One of the problems in being innovative — creating a business that never existed before — is that there’s no way to know if there’s a big enough market. We tend to think of these businesses as technology based, but charging $3 for a cup of coffee or $1 for a bottle of filtered tap water were certainly businesses that required a leap of faith.

Market research will only tell you so much — what people say they want, but not what they’ll do. Cost reduction or substitution plays to business are the safest best, since they tend to make analytical rather than emotional decisions, and saving money is always a driver. So PCs making computers affordable, or faxes instead of FedEx® (and e-mail instead of faxes) were a no-brainer.

Getting people — particularly cheap Americans — to pay more is much tougher. It’s even tougher if you want people to pay for something they’re used to getting for free. The risks are magnified if it’s an infrastructure play, where you have to build the infrastructure and coverage up front to realize a single dime of revenue.

Of course, sometimes these barriers to entry are just what you need to make a killing. It worked out well for the Baby Bells, GTE and the radio common carriers that got AMPS licenses back in the 1980s. It particularly worked out well for Craig McCaw (who made billions off Cellular One) and even his spurned wife Wendy, who grossed $460 million in the largest divorce settlement in US history (Heather Mills, take note).

All of which is a very long-winded way to express my consolations for the owners of Clear, the biometric security-enabled express lane for airports. I can see how it seemed like a good idea at the time: post-9/11 waits have gotten longer, biometrics can improve identification reliability, and it’s a big market.

The risks were there — the up front infrastructure spending, the franchise fees to the airports and/or the FAA. There’s a limit to future labor saving — every station has two employees, perhaps to prevent collusion or to allow for bio breaks.

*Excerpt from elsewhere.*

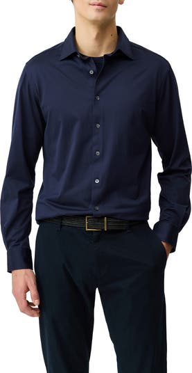 You'll look sharp in a snap with this cotton button-up shirt cut from subtly lustrous mercerized cotton in a sports fit that's made to move.
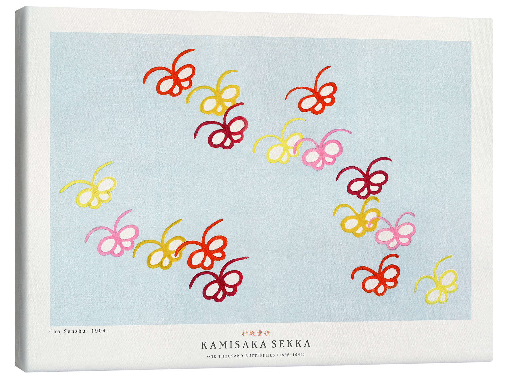 Posterlounge   Wandbilder   Malerei   Asiatische Kunst   Kamisaka Sekka   Leinwandbild Schmetterlinge in Rot, Gelb und Rosa

So Thursday morning when I spent 20 minutes at morning rush hour waiting to clear the long security lines at SJC, I didn’t see anyone walk up to Clear. Not one. Clear has been here almost a year, so it’s not as though they’re still in ramp up mode.

Instead, Americans are cheap. Just as I pay a skycap when I’m at risk of missing my flight, I'd pay $2-3 per trip to use the service, while some might pay $5 or $10. But none of us would pay at 3 p.m. in the afternoon when there are no lines. However, both as a pricing decision (all you can eat) and to cover up-front screening costs, their pricing model is a $100 annual subscription. (No free trials here).

It’s not clear (all pun intended) whether the problem is market size (of people willing to pay anything) or the revenue model (no ala carte pricing). It’s also not clear if (ala Iridium and Globalstar) they have a graceful fallback position short of bankruptcy. But if they can’t find significant paying customers in tech-wealthy Silicon Valley, they are not long for this world.